Credit: Universal Pictures and Amblin Entertainment
While this film is star-studded, boasting talent from the MCU, Hunger Games, and Bridgerton, the scene-stealer here is a juvenile Aquilops who is named Dolores by licorice-loving Isabella (Audrina Miranda), the youngest in the Delgado family. While the rest of her family is trying to survive the Jurassic predators that pop up from tall grasses and deep rivers, Isabella has befriended a cute, cuddly dinosaur who can sense danger. Cynically, one could rightly view Dolores as a clear bid for enticing merchandise. But Koepp and Edwards manage to make her more than an animal accessory a Disney princess doll would come with.
Dolores, with her curiosity, her cuteness, and her interest in humans, reflects a potential future that is less cruel than the one Krebs and Zora experience in New York City at the film’s start. There, a dying brontosaurus is not viewed with sympathy or sadness but as an annoying traffic disruption. Isabella’s excitement about Dolores is shared by the movie audience, who all these years later still dream of getting up close to a real dinosaur. And more importantly, her enthusiasm reflects that of Loomis, who is in absolute awe as he comes across a field of gentle giants eating grass, wandering, and even beginning a hypnotic mating ritual. Where Zora is an opportunist, seeking financial security through a risky and unscrupulous gig, Henry is an idealist who imagines he can collect the blood without hurting the dinosaurs he loves. Plus, he envisions the attendant scientific discoveries as something that could benefit the whole world, not just Krebs’ profit margins.
In these character moments, you can most feel Koepp’s touch. But they are bogged down by bits that feel like studio notes: the family and their squabbles, mutant dinos and the lumbering exposition that explains them, a jolting death toll, but without killing off a character that might upset the audience too much. At least the cruelty of Trevorrow, who infamously punished a so-called “bridezilla” in Jurassic World with a wildly violent death, is gone.
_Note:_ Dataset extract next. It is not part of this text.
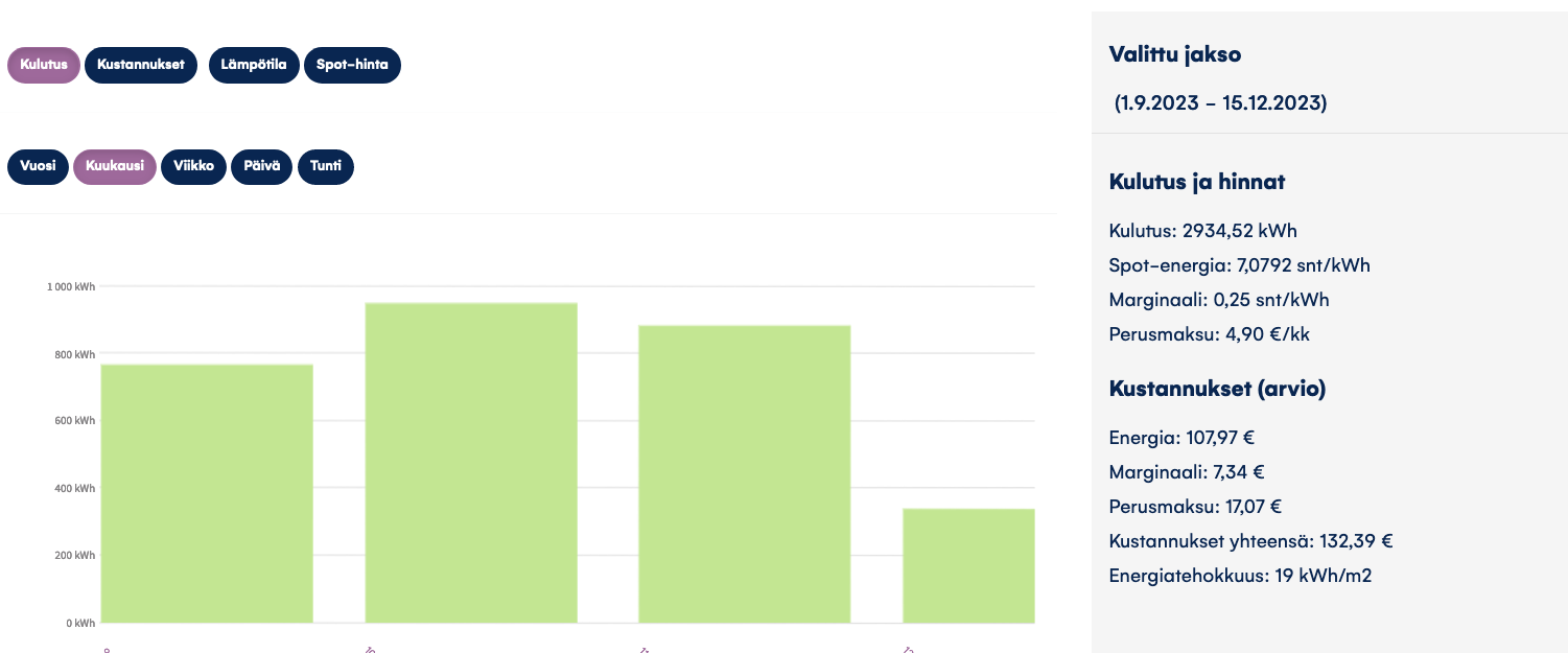 Meill seuraavaa 1.9-15.12.2023Ihan mielenkiinnosta kun asiaa nostat jatkuvasti esille, jos vertaat kulutusta kiinteään 12kk soppariin, itsellä 8.3c/kwh muistaakseni. Niin kuinka isosta erosta puhutaan vaikka tämän vuoden syyskuun alusta tähän päivään? Saat varmaan jostain kokonaiskulutuksen ja kokonaishinnan.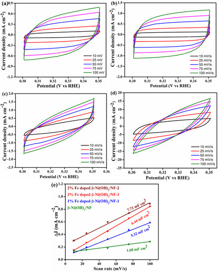 - Mahala, C.; Devi Sharma, M.; Basu, M. Fe-Doped Nickel Hydroxide/Nickel Oxyhydroxide Function as an Efficient Catalyst for the Oxygen Evolution Reaction. ChemElectroChem 2019, 6, 3488–3498. [Google Scholar] [CrossRef]

Overall, the sequel is fun. It gives audiences the least of what they’re asking for, which is action, excitement involving dinosaurs and movie stars at the heart of it. For Johansson’s part, it is nice to see her playing a character who has way more fun than Black Widow. Ali is likewise a treasure, bringing charm and pathos without overburdening the film with it. But Bailey is the most fun. With his “slutty little glasses” that have already driven the internet mad, he is walking in the path of Neill’s Dr. Alan Grant in an enticingly nontoxic way. He is certainly more optimistic than the iconic paleontologist. And within that refreshingly seductive, whether he’s dropjawed over a long-necked dinosaur, repelling down a treacherous cliffside, or awkwardly flirting with a mercenary who could snap his neck as easily as she can tie her hair back.
The in-peril Delgados give families going to the movies a clear conduit for their own excitement. Think Honey, I Shrunk the Kids! — but with raptors and pterodactyls. And while their story is rickety, it does offer laughs, thrills, occasional tenderness, and of course, our beloved Dolores, who is perfect.
In the end, Jurassic World Rebirth is a rocky ride. Some bits are absolutely exhilarating, while others feel like a chore. But unlike the humans in this franchise, the humans of our world just cannot tire of these incredible beasts, happy to shell out ticket money to get as close as we might to their enormous majesty. And this film, including its hilariously calamitous opening with its requisite kill, will deliver, feeding both all our yearning for excitement and our need for escapism.
It’s not better than the original, but it’s the closest we’ve come.